My sol:https://www.codechef.com/viewsolution/17173110

1 Like

Thanx mate!!!

Refer the TC mentioned above, run it with your solution, and pay special attention to position (3,1).

Don’t mark nodes visited as you input them.

Thanx mate!!

Thanks mate. Understood my mistake. Initially I tried marking visited after processing but it gave TLE because of multiple entries in max heap. Thanks

Can someone point out why I am getting wrong answer pls…
Here’s my solution

I tried to solve this question by recursion but i am getting TLE.
Can anybody help me to optimise this solution… thanks in advance.
solution link
link text

I constructed a binary maze matrix and applied bfs on it…then I saved all those i,j which were >0 and than ran a source to destination bfs for every i,j and the saved i,j(obviously on those i,j which equal 0). I should have sorted the saved i,j according to max value…would have got a right answer…

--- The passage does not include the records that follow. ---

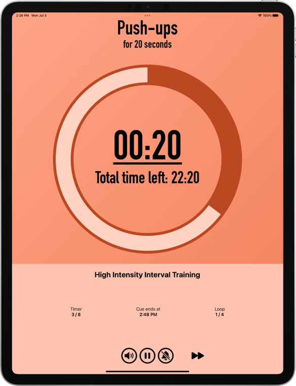 Cue It: Interval Timer is optimized for both iOS and iPadOS, and available as a universal download on the App Store.Cue It: Interval Timer supports 'Split View' and 'Slide Over' multitasking on iPadOS, so you can keep tabs on your timers while using other apps.
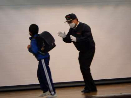 1月18日 子どもの防犯教室 公開日 2022/01/18 更新日 2022/01/18 学校の特色ある活動 「不審者に出合ったらどうすればよいか」を教わりました。防犯ブザーの効果、助けての声、寝転がってじたばた、一気に逃げるなど、命を守るために勇気を出して行動することの大切さを学びました。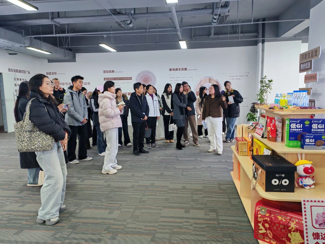 座谈会后,与会人员共同参观了“河南优品馆-豫侨优选”展馆,进一步加深对平台运营的直观认识。师生还走访了入驻楷林写字楼的企业——梦尔达科技,实地了解企业运营与就业场景,为后续合作奠定实践基础。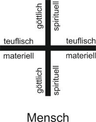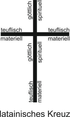 Der waagrechte Teil bezeichnet das materielle, tierische, sexuelle und teuflische.

My solution gives WA even for the 1st subtask . Can anyone provide me a test case ?

Link .

I store the position of each element with value > 0 and then do a dfs .

can someone give some tricky test cases so that it can help everyone who got wrong. thanks in advance

after reading the editorial and seeing tester’s solution i finally got ac , so thought this might help i’ve heavily commented the code inorder to understand better. Anyone not getting anystep of tester’s solution can see my code here

1 Like

Could someone point out the error[link text][1] in my code. It is giving TLE in task2.
Solution Link


[1]


  [1]: https://www.codechef.com/viewsolution/17186562

Avoid repeated processing of same position.